Knock on Any Door (1949), starring Humphrey Bogart and John Derek — I’m a large fan of Humphrey Bogart, and I fully expected to enjoy watching Knock on Any Door — but, unfortunately, I didn’t. It’s the story of an underprivileged young man, a product of the slums, who becomes bitter after his father’s death.
That bitterness leads him to a series of bad decisions, where time and again he has an opportunity to turn his life around — and doesn’t. Humphrey Bogart’s character is there at several of these crucial junctions. This includes the major drama of the movie — when the young man is on trial for murder.
The young man is guilty, convicted, and sentenced to death. Humphrey Bogart walks with him to the execution. The message is heavy-handed. During the trial, Bogart literally states that this young man’s repeated choices are society’s faults. He chose to commit selfish, evil, easy choices – repeatedly. There is no personal responsibility, and no accountability — because it’s not his fault, it’s ours — somehow.
Editorial review of Knock on Any Door (1949) starring Humphrey Bogart, John Derek, courtesy of Amazon.com
Though Humphrey Bogart is the official star KNOCK ON ANY DOOR, the film is essentially a showcase for Columbia’s newest young male discovery John Derek. The first production of Bogart’s Santana company, the film casts Bogart as attorney Andrew Morton. A product of the slums, Morton is persuaded to take the case of underprivileged teenager Nick Romano (Derek), who has been arrested on a murder charge. Through flashbacks, Morton demonstrates that Romano is more a victim of society than a natural-born killer.

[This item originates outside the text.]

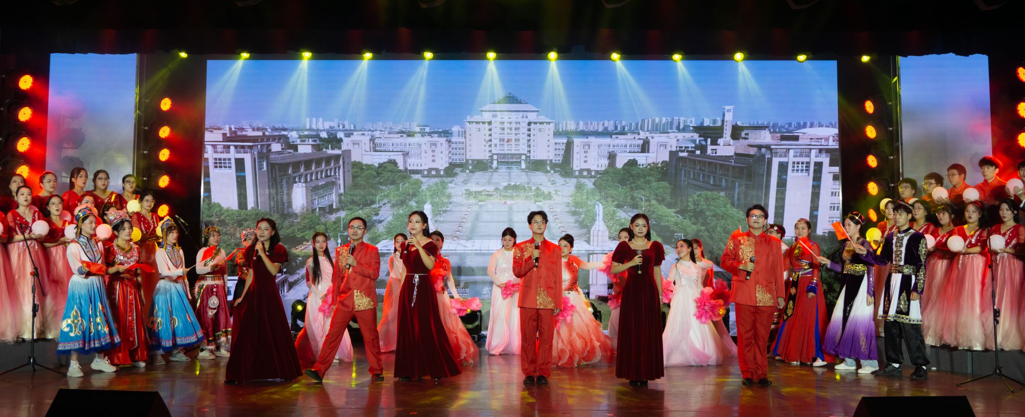 诗会在校团委带来的民乐合奏《象王行》中拉开帷幕,《致敬·光辉历程》《赓续·青春荣光》《奋斗·伟大梦想》三个篇章接连上演。诗朗诵感情真挚、舞台剧引人入胜、器乐伴奏悠扬动听……17个学院2000余名师生倾情演出,带来《如愿》《第七十五个秋天》《生逢盛世,吾当自强》《砥砺岁月,钢魂筑梦》等节目,献给观众一场“艺术+思政”的视听盛宴。

Though this defense strategy does not have the desired result on the jury thanks to the badgering of DA Kernan (George Macready), Morton does manage to arouse sympathy for the plight of those trapped by birth and circumstance in a dead-end existence. As Nick Romano, John Derek would never be better, nor would ever again play a character who struck so responsive a chord with the audience. Nick’s oft-repeated credo — ’Live fast, die young, and leave a good-looking corpse — — became the clarion call for a generation of disenfranchised youth. Director Nicholas Ray would later expand on themes touched upon in KNOCK ON ANY DOOR in his juvenile delinquent — chef d’oeuvre’ REBEL WITHOUT A CAUSE. Viewers are advised to watch for future TV personalities Cara Williams and Si Melton in uncredited minor roles. KNOCK ON ANY DOOR spawned a belated sequel in 1960, LET NO MAN WRITE MY EPITAPH.